У Дэвида перехватывает горло. Вот если бы снова стать ребенком, когда любая печаль и обида легко забываются, а самые горькие слезы быстро высыхают от материнской ласки.
Тьма побеждает Дэвида, он скрещивает руки на груди и крепко обнимает себя за плечи.
Его металлический домик все сжимается, становится теснее и теснее, защищая его, на манер брони или скорлупы. Дэвид откидывается на спинку широкого сидения, голова – тяжелая, веки – воспалены, а глаза – ничего не видят. Он невольно поджимает ноги, подтягивает колени к груди. Теплая, мягкая машина-кокон тихо покачивается, и Дэвид уносится от своих страданий в забытье без сновидений.

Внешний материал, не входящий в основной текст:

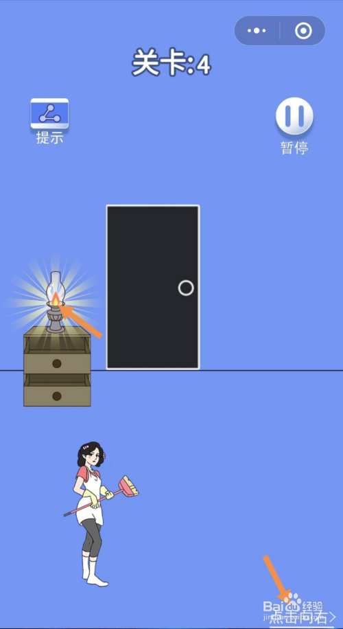 油灯点燃后,点击油灯,然后点击点击标的目的右进入右边的房间。

Сейчас он – снова дитя в лоне матери.
Глава 22
Понедельник, 5 февраля
– Проверьте эту информацию, Джек.
Этот день, 5 февраля, был на редкость беден событиями. Скоро вечер, а новостей набралось лишь на двадцать минут выпуска. И тут Кармоди осенило: нужно использовать переданное по телефону сообщение, которое уже затерялось в кипе только что прочитанных телеграмм.
"Шайенн, Вайом, 4 февраля, 08.30 по местному времени. Корреспондент No 38.44.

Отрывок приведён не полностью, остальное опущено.